Iowa Gov. Kim Reynolds (R) announced the closure of bars and nightclubs in six counties on Thursday due to a spike of Chinese coronavirus cases among the young.
Bars, nightclubs, breweries, wineries, and distilleries in six counties — Polk, Linn, Johnson, Story, Dallas, and Black Hawk — will be forced to close beginning Thursday at 5:00 p.m. because of an increase in positivity rates among those ages 19-24.
“They may continue to sell alcoholic beverages for consumption off premises. Restaurants in these six counties are permitted to remain open, but must stop selling and serving alcoholic beverages after 10:00 p.m.,” an announcement of the proclamation states.
While she acknowledged that the younger demographic is less likely to suffer severe impacts of the virus, she said the actions are “increasing the virus activity in the community and it’s spilling over to other segments of the population.” The age group has comprised nearly one-quarter of new positive cases across the state in the last two weeks.

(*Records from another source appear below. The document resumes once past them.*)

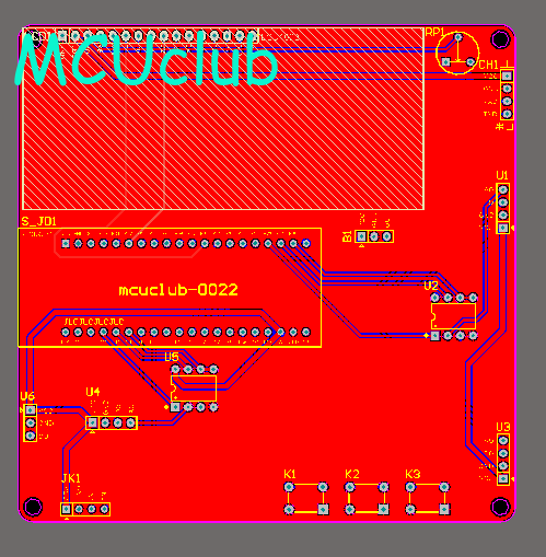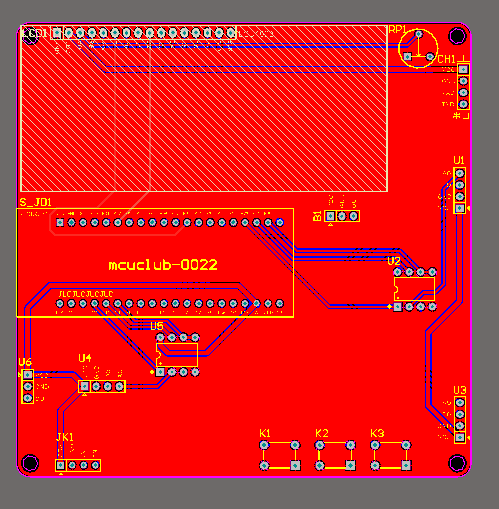 注意:PCB图中间有一个项目编号,隐藏在单片机底座下,插入单片机后不会看到。如果想截没有项目编号的PCB图,可在PCB源文件中点击删除。另外,如果想在实物PCB板上加自己的信息(比如日期、学号、姓名等),可联系客服。
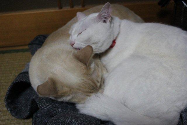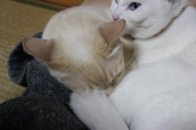 オークと兄妹。いつか白で碧眼の子をと願っていた娘が里親募集のサイトで見つけた子。うちに来たときには真っ白だったが、麿眉が発現。
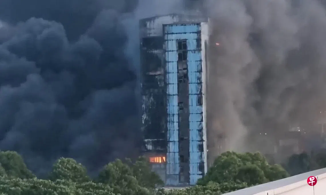 根据网上流传的画面,一座工业大楼冒起熊熊烈火,滚滚黑烟直窜天际,不时还有建筑碎片掉落下来。
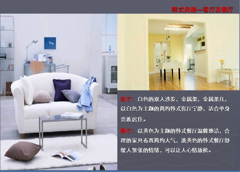 概要: 韓式裝修風(fēng)格大盤點(diǎn)韓式裝修風(fēng)格大盤點(diǎn)  韓式田園風(fēng)格可能是大多數(shù)年輕女孩比較喜歡的噢,它的重要元素是色調(diào)以柔和浪漫的粉色為主,浪漫的蕾絲、綠色植物、經(jīng)典的白色家具、隨處可見的卡通娃娃、毛絨地毯等裝飾?! 】蛷d:白色的雙人沙發(fā),金屬架,金屬茶幾,以白色為主題的簡約韓式客廳寧靜,適合單身貴族居住。

“I don’t make these decisions lightly, and it’s not lost on me that every business forced to close all through their hours and sales, even temporarily, plays a role in the lives of Iowa workers and our small businesses,” Reynolds said, according to the Des Moines Register.
“But these actions are absolutely necessary,” she continued.
The Iowa Department of Public Health reported 1,475 new cases of the virus on Thursday, bringing the total to 59,368 cases and 1,079 related fatalities. According to KCCI, Thursday’s numbers reflected the “largest single-day increase in overall coronavirus cases since the pandemic began”:
IDPH reports seven Iowa counties with a positivity rate greater than 15% over the last 14 days. Plymouth, Howard, Sioux, Johnson, Clinton, Carroll, Marion and Lee counties are above the 15% threshold that triggers considerations for public schools to change to online learning.
Reynolds’ restrictions are set to remain in effect until September 20, although she expressed hope that officials will be able to loosen them “in the near future.”
“But if they simply move large scale parties and other high-risk activity elsewhere, then we’re going to be prepared to do more,” she cautioned.